The short answer is they are two ends of a spectrum, depicted in yoga and Tantra as the chakras. It's all one energy at different frequencies or colors. The longer answer requires reading Divining Desire. ;-)
You had a pretty traditional American upbringing and yet you have spent a good part of your adult life living in Canada. How did that happen?
I fell in love with Canada as a kid when my family spent some summer holidays there. My love deepened when experiencing the Vancouver Expo in 1986. I was smitten with summers here, and still am! Winters are less wonderful.
You received a serious cancer diagnosis last year. How did that affect the writing and completion of the book?
It heightened my motivation. By then I had begun to view Divining Desire as my final teaching vehicle, my legacy project. Knowing I had a "deadline" really quickened my motivation.

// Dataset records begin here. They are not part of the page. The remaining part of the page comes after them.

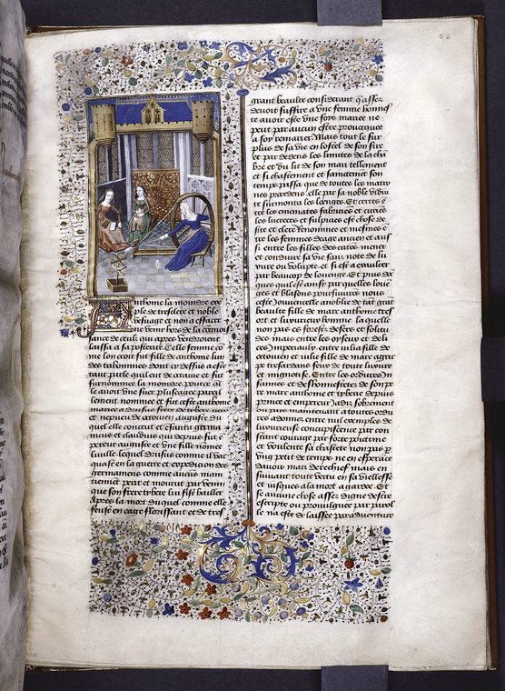 New York, Public Library, Spencer 33, f. 56r. Antonia, vedova di Druso, tesse al telaio in compagnia di due donne.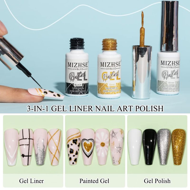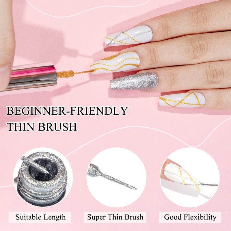 - WIDELY USE: Liner Gel can be used as regular color gel polish set and gel paint for nail design. Great for painting, drawing, sumi, pull line, dotting, striping etc. make you craft squiggly lines, french minimalist lines, swirl nails and geometric nails easily.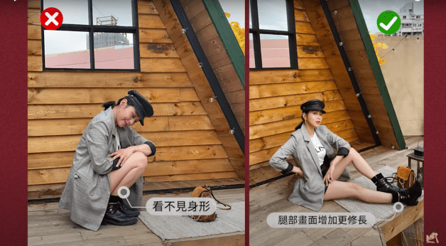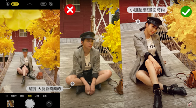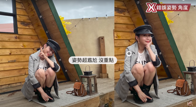 應該要讓雙腳從側邊延展出去,另外可以拿一些小道具增加畫面豐富感,是不是變得很有雜誌封面的既視感呀!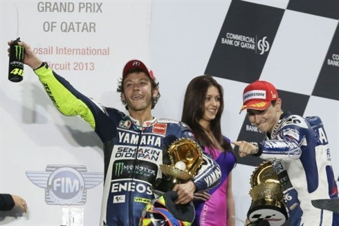 | Le pilote de Yamaha, Jorge Lorenzo (droite), vainqueur du GP de Qatar avec son coéquipier Valentino Rossi, le 7 avril à Doha. Photo : AFP/VNA/CVN |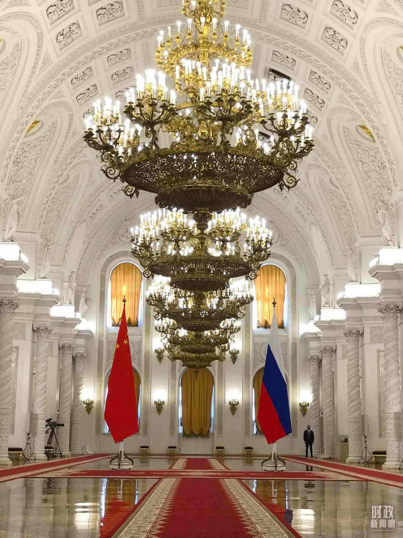 △ 2023年3月,應(yīng)俄羅斯總統(tǒng)普京邀請(qǐng),習(xí)近平主席對(duì)俄羅斯進(jìn)行國(guó)事訪問(wèn)。圖為克里姆林宮喬治大廳,習(xí)主席在這里同普京總統(tǒng)握手合影。(總臺(tái)央視記者石偉明拍攝)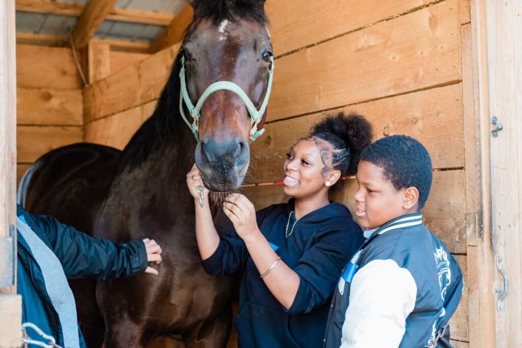 This Tier Two group, which includes 3rd through 8th graders this year, make monthly visits to the stables together. During these two-hour experiences, they build a relationship with a specific horse.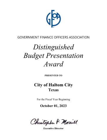 GOVERNMENT FINANCE OFFICERS ASSOCIATION Distinguished Budget Presentation Award PRESENTED TO City of Haltom City Texas For the Fiscal Year Beginning October 01, 2023 Executive Director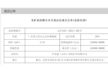 日前由于中止競拍備受爭議的廣東省云浮市礦山終于在今日以61億的價(jià)格被中電建(云?。┚G色礦業(yè)有限公司收入囊中。據(jù)悉,該采礦權(quán)位于廣東省云浮市,礦區(qū)面積23544平方公里,可開采建筑用花崗巖,出讓資源儲量2276…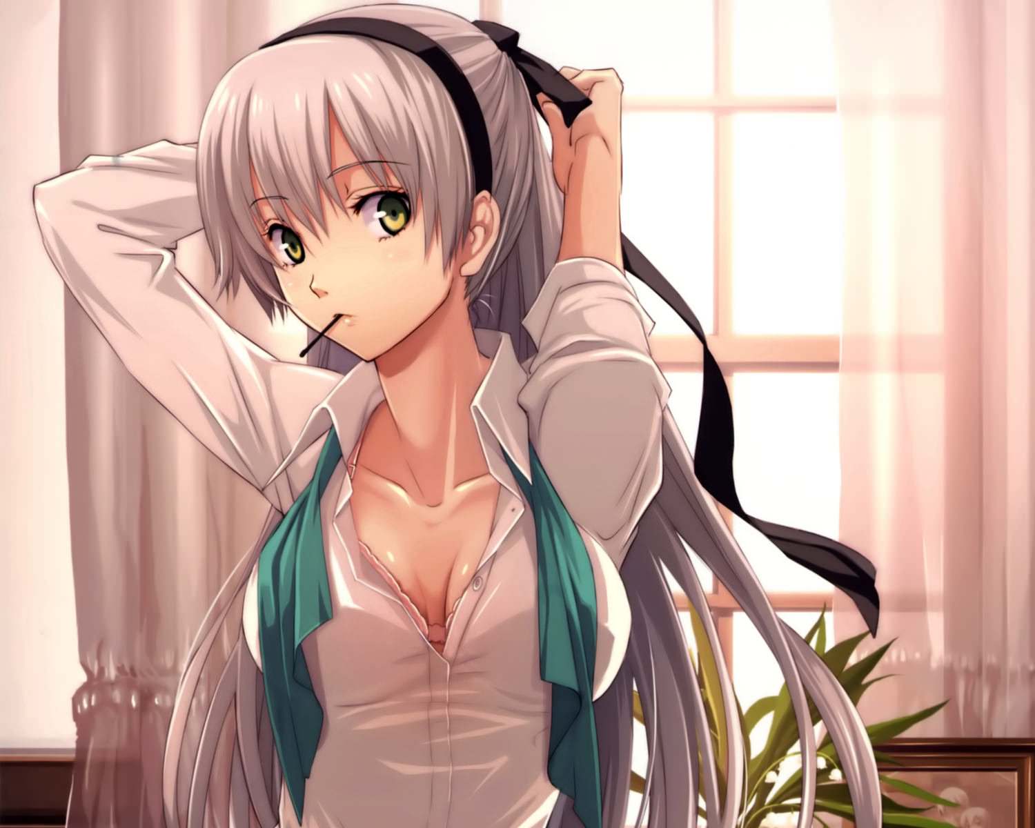 На работу мне пора, начальник ждет. Любовница большого босса, девушка собирается на работу в офис, одела рубашку, оставив расстегнутыми верхние пуговицы, чтобы грудь смотрелась ярко, собирает длинные волосы в ленточку.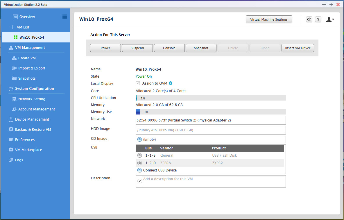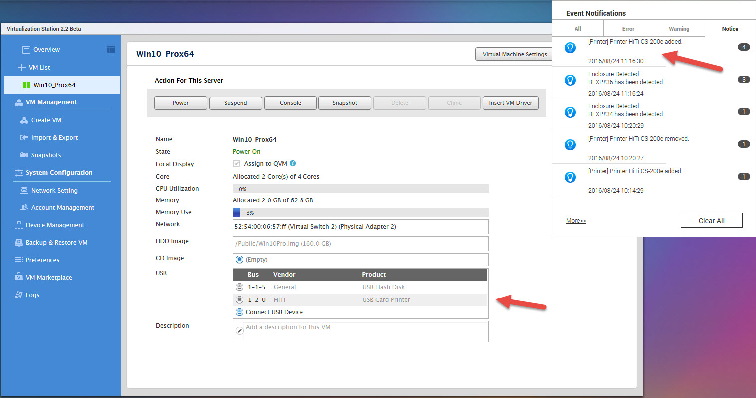 With the setup from Virtualization Station, we are able to print from the Virtual Window OS.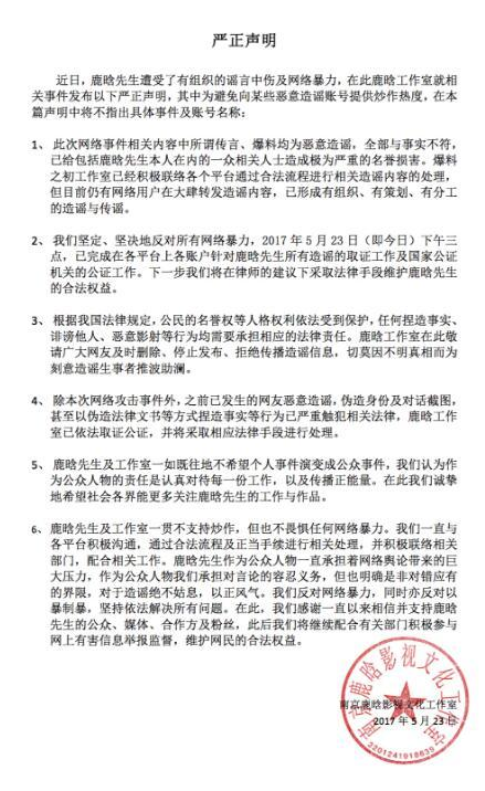 对于鹿晗工作室的声明,原文表示对之前发生的网友恶意造谣,伪造身份对话截图等已经依法取证公证,并将采取相应的法律手段进行处理,并晒出了律师函进行法律维权。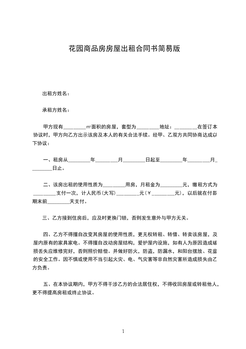 一、租房从_________年_________月_________日起至_________年_________月_________日止。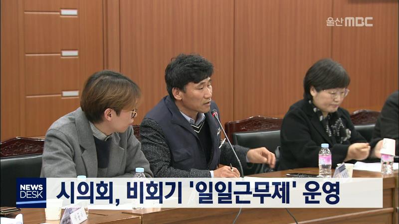 울산시의회가 비회기 동안 의원 일일근무제를 운영하며 민원을 수렴합니다. 첫날인 오늘은 이미영 부의장이 민원인 20명을 초청해 '2020년 울산을 묻는다'를 주제로 시민과 간담회를 개최했습니다. 일일근무제는 다음달 7일까지 계속되며 시의원 21명이 하루에 1명씩 당번을 쓰며 불편·부당 민원을 접수받습니다.//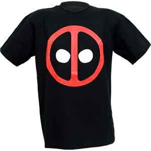 Proudly wear the symbol of the "Merc with the Mouth" with this Deadpool logo t-shirt! This 100% cotton black t-shirt features Deadpool's black, red and white symbol on the front. Available in adult sizes.

You describe your encounters with a string of legendary teachers. You yourself have a long history of teaching. And you make it a point to offer the book not just as your life story but also as a compendium of teachings that you’ve found meaningful. How did you develop your capacity as a teacher? And what can you say about the role of teachers in life?
I first discovered that I had a gift for teaching as an Air Force and later civilian flight instructor. As I began discovering the incredible value I was receiving from practicing yoga and meditation, I felt a strong impetus to share those gifts with gay brothers. It gradually and organically unfolded from there to teaching sensual massage, then Tantric massage. The role of teachers seems essential to spread skills and wisdom from one culture and generation to another.